▶ **INSTRUCTIONS FOR THE TASK**:
Without copying any picture, return all lines below exactly.
START PROVIDED ENTRIES
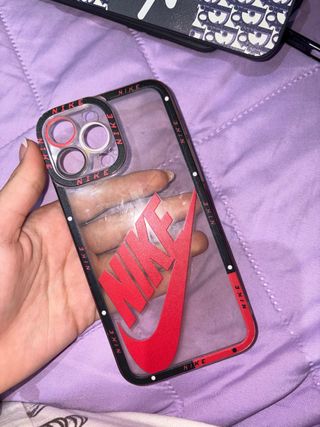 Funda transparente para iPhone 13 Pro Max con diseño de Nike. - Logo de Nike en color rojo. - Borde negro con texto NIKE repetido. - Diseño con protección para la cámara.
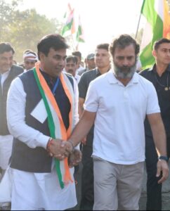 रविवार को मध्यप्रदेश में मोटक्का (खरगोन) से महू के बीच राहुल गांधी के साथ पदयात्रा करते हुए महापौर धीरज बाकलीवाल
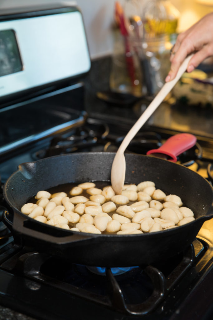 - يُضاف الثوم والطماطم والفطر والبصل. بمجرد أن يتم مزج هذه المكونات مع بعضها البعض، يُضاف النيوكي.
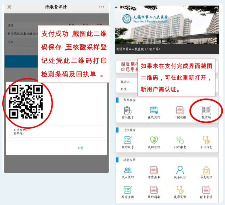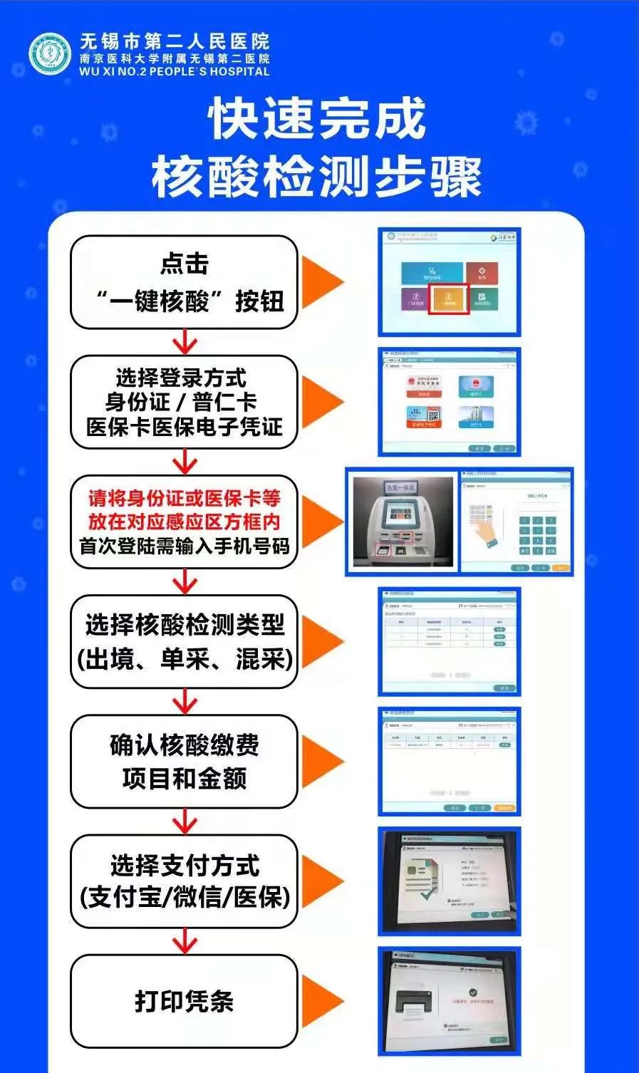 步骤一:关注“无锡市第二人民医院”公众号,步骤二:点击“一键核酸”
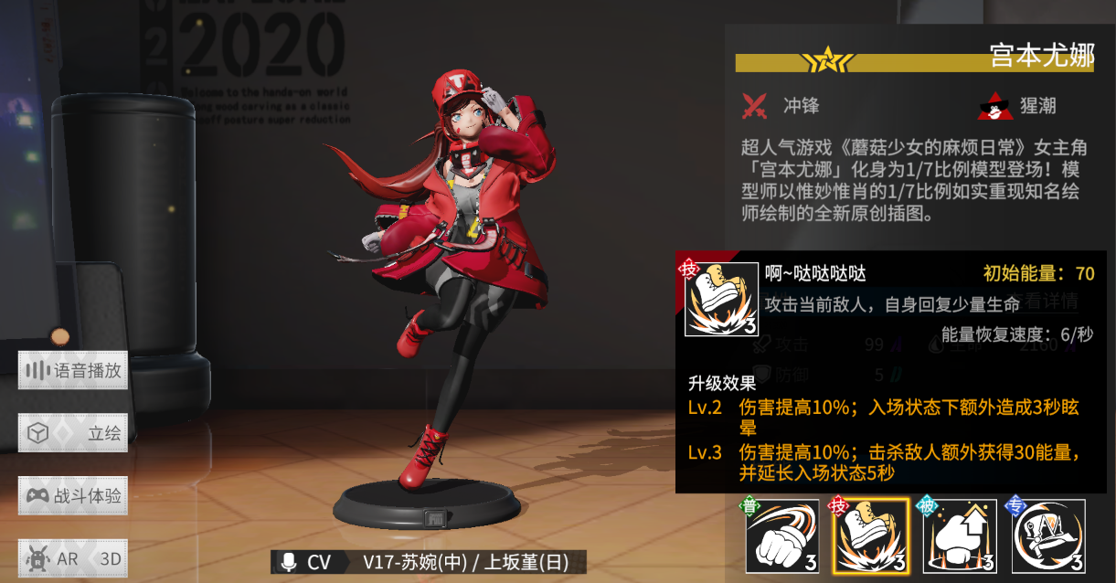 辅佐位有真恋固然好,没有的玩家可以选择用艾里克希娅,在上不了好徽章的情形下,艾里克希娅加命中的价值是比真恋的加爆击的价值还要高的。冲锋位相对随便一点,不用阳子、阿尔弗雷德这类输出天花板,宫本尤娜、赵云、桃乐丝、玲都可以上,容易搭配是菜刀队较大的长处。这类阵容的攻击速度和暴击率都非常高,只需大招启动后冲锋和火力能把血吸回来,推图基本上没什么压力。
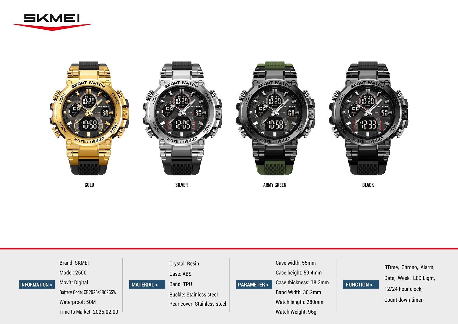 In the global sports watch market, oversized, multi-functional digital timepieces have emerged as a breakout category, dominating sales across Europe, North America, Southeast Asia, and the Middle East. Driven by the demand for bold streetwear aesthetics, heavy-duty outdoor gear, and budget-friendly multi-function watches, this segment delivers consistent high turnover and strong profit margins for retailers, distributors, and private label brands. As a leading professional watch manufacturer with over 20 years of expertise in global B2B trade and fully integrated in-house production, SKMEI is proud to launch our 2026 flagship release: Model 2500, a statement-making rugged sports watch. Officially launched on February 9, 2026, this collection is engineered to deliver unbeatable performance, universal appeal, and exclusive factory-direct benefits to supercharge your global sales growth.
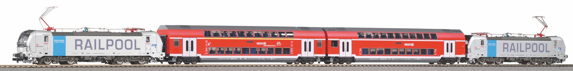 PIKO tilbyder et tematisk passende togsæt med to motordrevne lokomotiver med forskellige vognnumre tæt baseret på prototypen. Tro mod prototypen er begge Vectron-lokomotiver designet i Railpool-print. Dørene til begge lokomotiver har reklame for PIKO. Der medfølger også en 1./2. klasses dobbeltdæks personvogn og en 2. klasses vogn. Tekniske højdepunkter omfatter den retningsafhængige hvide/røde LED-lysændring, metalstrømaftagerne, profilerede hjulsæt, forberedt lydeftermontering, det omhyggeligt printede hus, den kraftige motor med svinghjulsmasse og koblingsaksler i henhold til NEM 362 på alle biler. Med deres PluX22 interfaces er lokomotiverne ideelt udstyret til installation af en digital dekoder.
END PROVIDED ENTRIES
▶ **TASK RESULT**:
 Funda transparente para iPhone 13 Pro Max con diseño de Nike. - Logo de Nike en color rojo. - Borde negro con texto NIKE repetido. - Diseño con protección para la cámara.
 रविवार को मध्यप्रदेश में मोटक्का (खरगोन) से महू के बीच राहुल गांधी के साथ पदयात्रा करते हुए महापौर धीरज बाकलीवाल
 - يُضاف الثوم والطماطم والفطر والبصل. بمجرد أن يتم مزج هذه المكونات مع بعضها البعض، يُضاف النيوكي.
 步骤一:关注“无锡市第二人民医院”公众号,步骤二:点击“一键核酸”
 辅佐位有真恋固然好,没有的玩家可以选择用艾里克希娅,在上不了好徽章的情形下,艾里克希娅加命中的价值是比真恋的加爆击的价值还要高的。冲锋位相对随便一点,不用阳子、阿尔弗雷德这类输出天花板,宫本尤娜、赵云、桃乐丝、玲都可以上,容易搭配是菜刀队较大的长处。这类阵容的攻击速度和暴击率都非常高,只需大招启动后冲锋和火力能把血吸回来,推图基本上没什么压力。
 In the global sports watch market, oversized, multi-functional digital timepieces have emerged as a breakout category, dominating sales across Europe, North America, Southeast Asia, and the Middle East. Driven by the demand for bold streetwear aesthetics, heavy-duty outdoor gear, and budget-friendly multi-function watches, this segment delivers consistent high turnover and strong profit margins for retailers, distributors, and private label brands. As a leading professional watch manufacturer with over 20 years of expertise in global B2B trade and fully integrated in-house production, SKMEI is proud to launch our 2026 flagship release: Model 2500, a statement-making rugged sports watch. Officially launched on February 9, 2026, this collection is engineered to deliver unbeatable performance, universal appeal, and exclusive factory-direct benefits to supercharge your global sales growth.
 PIKO tilbyder et tematisk passende togsæt med to motordrevne lokomotiver med forskellige vognnumre tæt baseret på prototypen. Tro mod prototypen er begge Vectron-lokomotiver designet i Railpool-print. Dørene til begge lokomotiver har reklame for PIKO. Der medfølger også en 1./2. klasses dobbeltdæks personvogn og en 2. klasses vogn. Tekniske højdepunkter omfatter den retningsafhængige hvide/røde LED-lysændring, metalstrømaftagerne, profilerede hjulsæt, forberedt lydeftermontering, det omhyggeligt printede hus, den kraftige motor med svinghjulsmasse og koblingsaksler i henhold til NEM 362 på alle biler. Med deres PluX22 interfaces er lokomotiverne ideelt udstyret til installation af en digital dekoder.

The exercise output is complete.